Foundation Level Exam

Question 1

HAAS

Answer 1

House As A System: building concept defines a house as an energy system made up of four interdependent components.

A. Environment
B. Building Envelope
C. Mechanical Systems
D. Occupant Activities

Question 2

What are the HAAS principles?

Answer 2

Four HAAS elements work-balance, in order to:

A. provide affordable shelter (doesn’t exist)
B.Occupant Health and Safety
C.Minimize energy consumption
D. Minimize environmental impact

Question 3

Thermal Comfort Factors?

Answer 3

A. Temperature
B. Humidity Levels
C. Air Movement
D. Surface temperature (mean radiant temperature - MRT)

Question 4

Impact Occupant Behaviour

Answer 4

A. Moisture Added
B. Ventiliation Requirements
C. Internal heat gain
D. Increase electrical loads, water and energy use

Question 5

What are the conditions that cause Heat Flow?

Answer 5

Conduction
Convection
Radiation

Question 6

Define Conduction.

Answer 6

Transfer of heat across a temperature gradient: warm –> cool

In houses, conduction happens between solid objects in direct contact.
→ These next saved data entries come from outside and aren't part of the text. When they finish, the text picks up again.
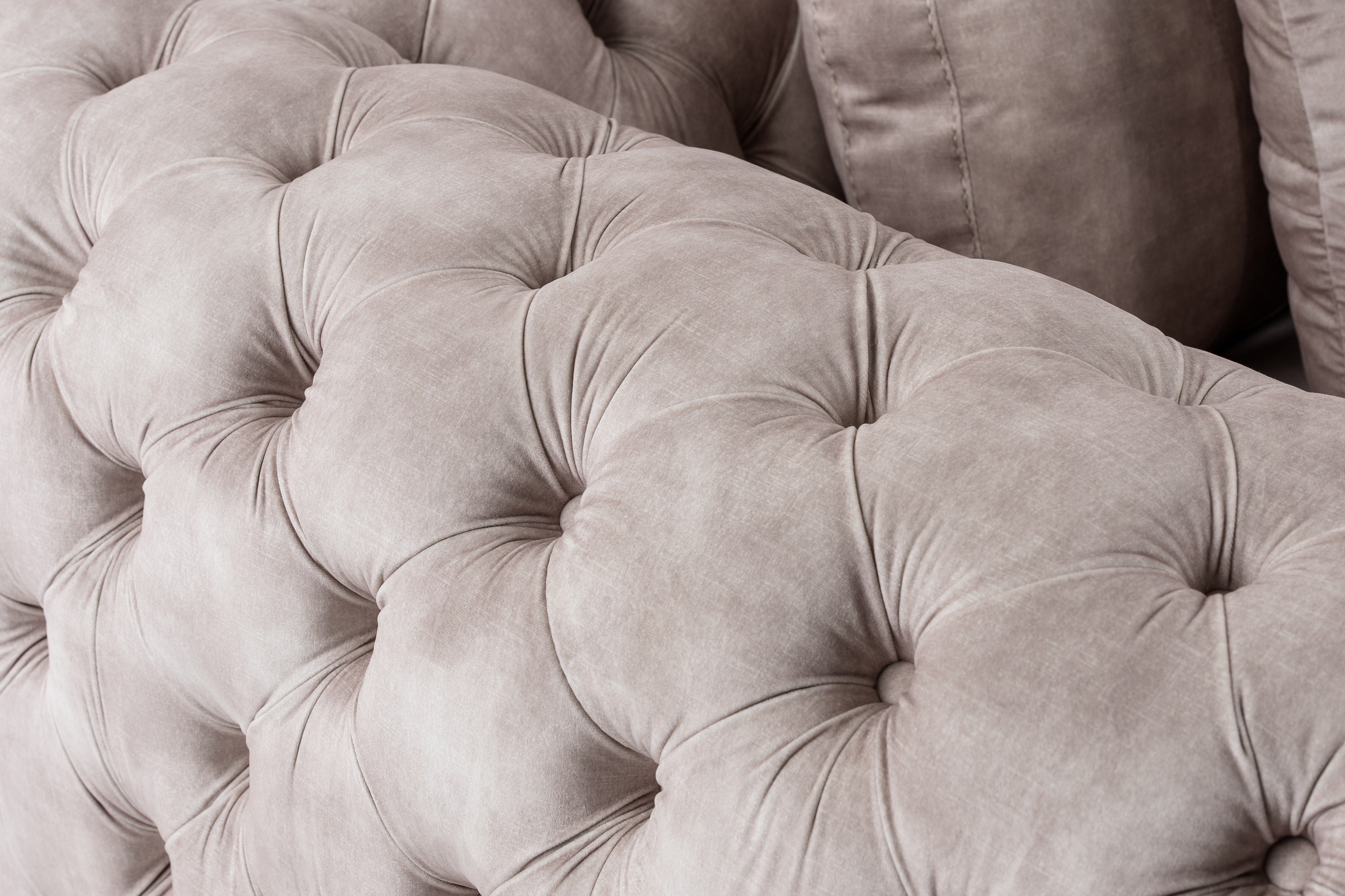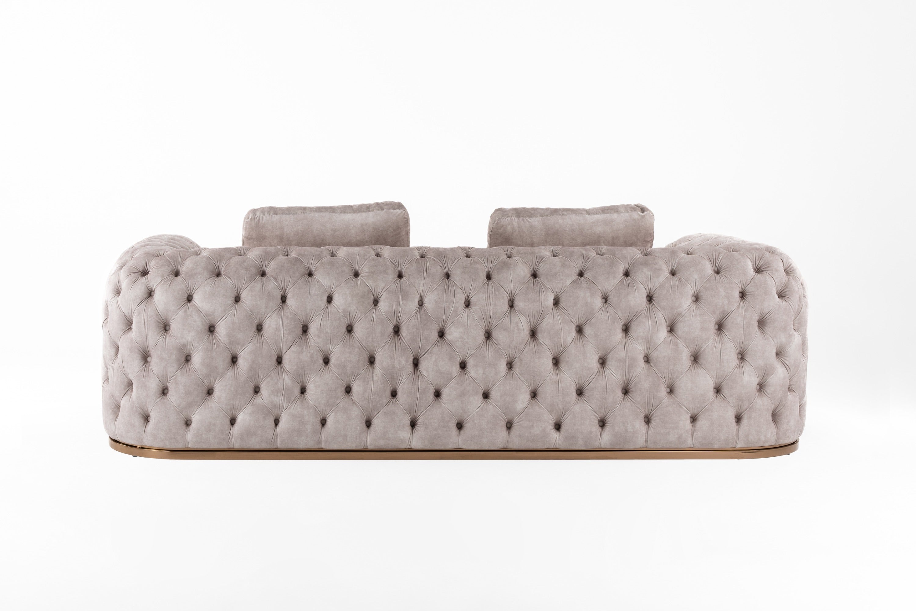 The Divani Casa Dosie Transitional Beige Velvet Sofa is a sophisticated ensemble that combines comfort and elegance. Upholstered in a luxurious beige velvet fabric. The gold stainless steel legs and accents add a touch of opulence, while the button-tufted arms and back provide a classic look. With two throw pillows included, this sofa is perfect for lounging. The eucalyptus wood frame, foam upholstery fill, and sinuous springs seat construction ensure durability and comfort. Whether for entertaining or relaxation, this sofa exudes timeless charm and style.
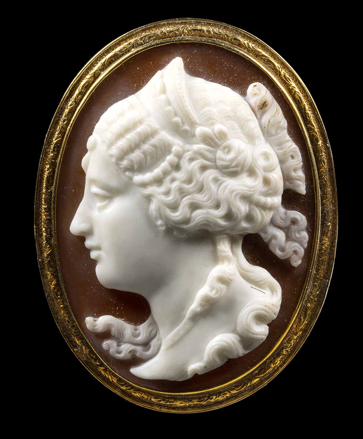 A NEOCLASSICAL CISELED GOLD BROOCH SET WITH A LARGE TWO-LAYERED AGATE CAMEO. DIADEMED PORTRAIT.
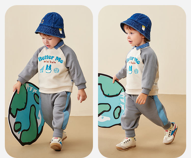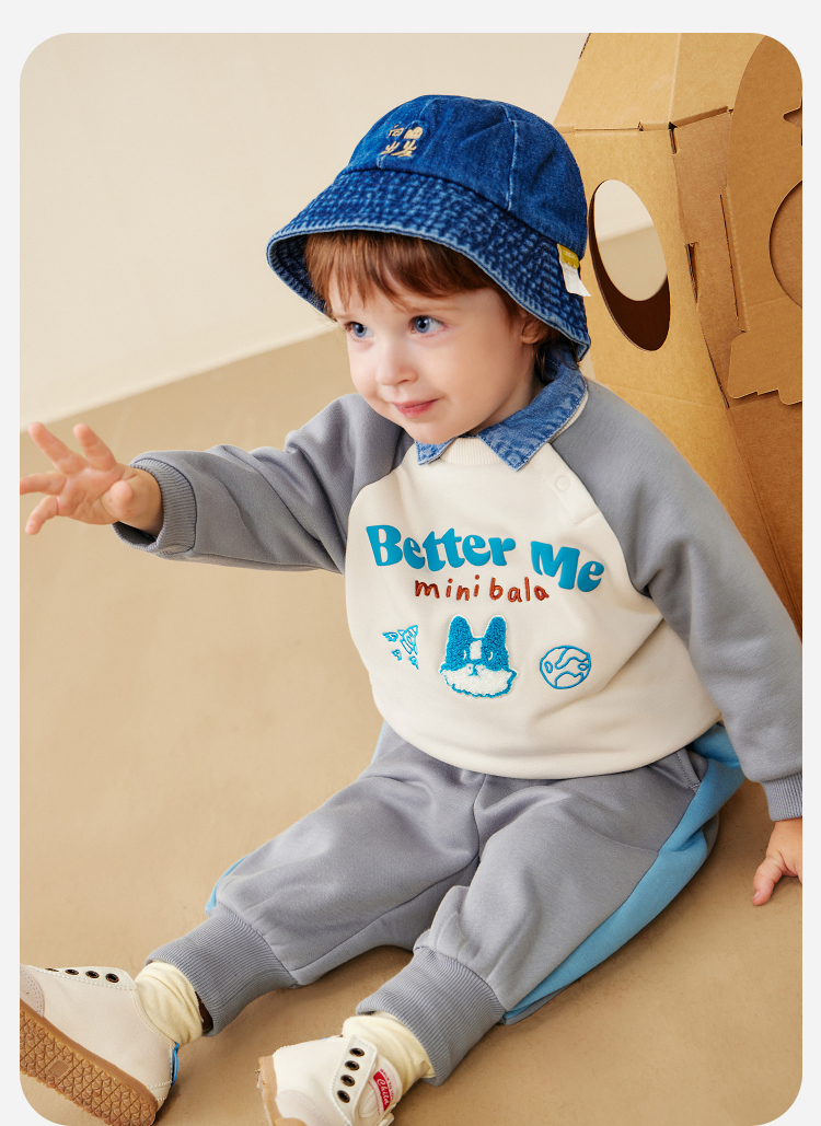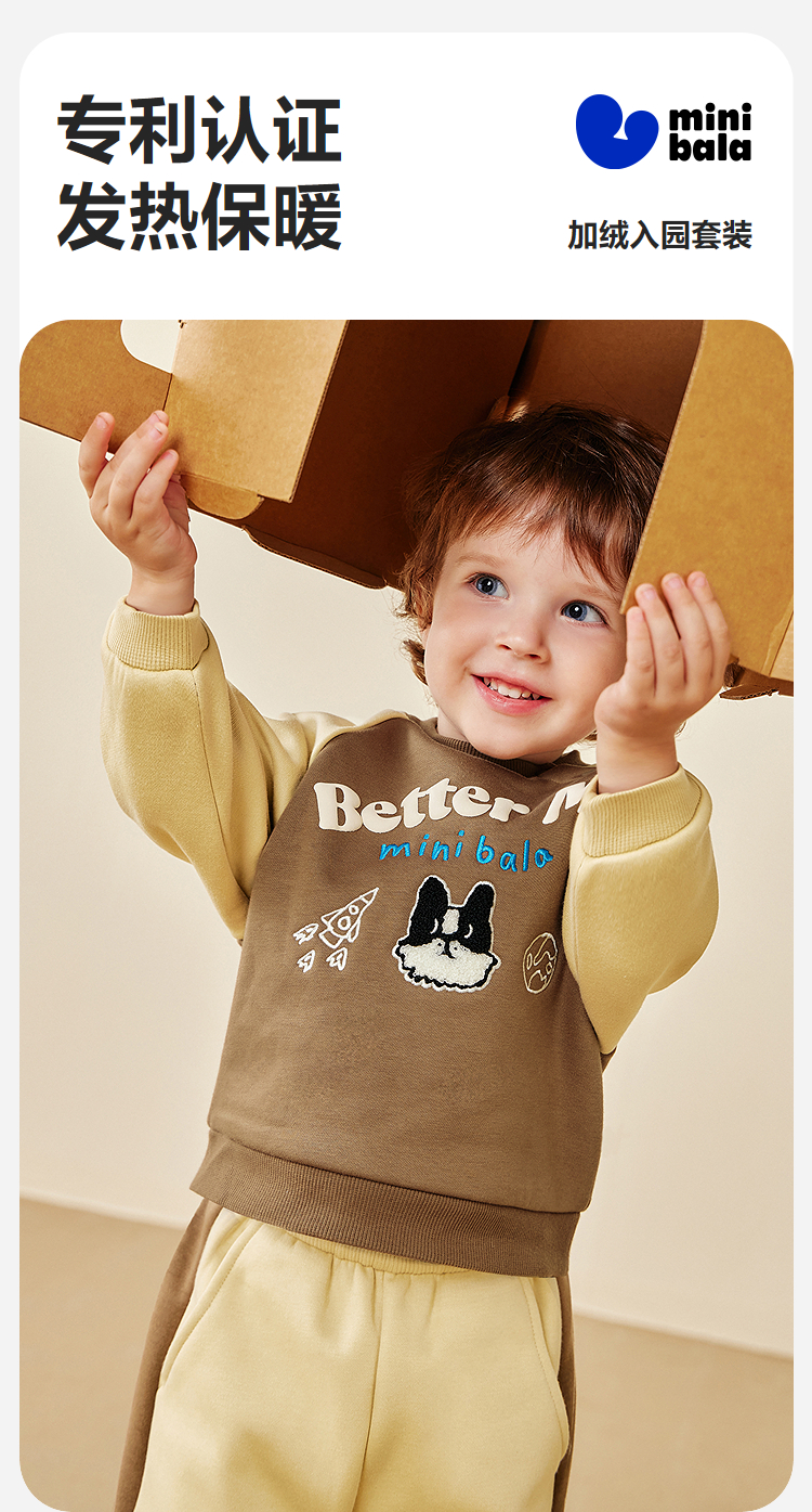 迷你巴拉男童长袖套装宝宝保暖抑菌长裤长袖卫衣2025冬新品
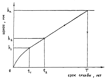 (трение, эрозионное) зависимость износа от времени линейная: h(t) = ho+C×t, где ho и С -
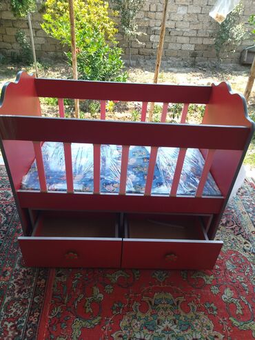 Qırmızı rəngdə, taxtadan hazırlanmış uşaq çarpayısı, əsasən yeni doğulmuş körpələr üçün nəzərdə tutulub. Yan tərəflərindəki hündür barmaqlıqlar körpənin təhlükəsizliyini təmin edir. Çarpayının altında iki geniş siyirmə var ki, bu da uşaq əşyalarını və ya yataq dəstlərini saxlamaq üçün əlverişlidir. Bu çarpayı funksionallığı və praktikliyi ilə seçilir, az yer tutaraq körpə otağında rahat bir mühit yaradır. Yataq otağınız üçün ideal bir seçimdir.

The rate of heat transfer depends on temp. difference between surfaces and R-Value of material

Question 7

Define Convection.

Answer 7

Transfer of heat by circulation of currents from one part to another, in a gas or liquid.

In houses, convection circulates from warm side of wall to cold side of wall, resulting in heat transfer.

Mixing warm and cold air also transfers heat.

Examples: condensation on window with cold outside temp
condensation when cooking with poor ventilation

Question 8

Define radiation.

Answer 8

Energy emitted as particles or waves that are absorbed by another body.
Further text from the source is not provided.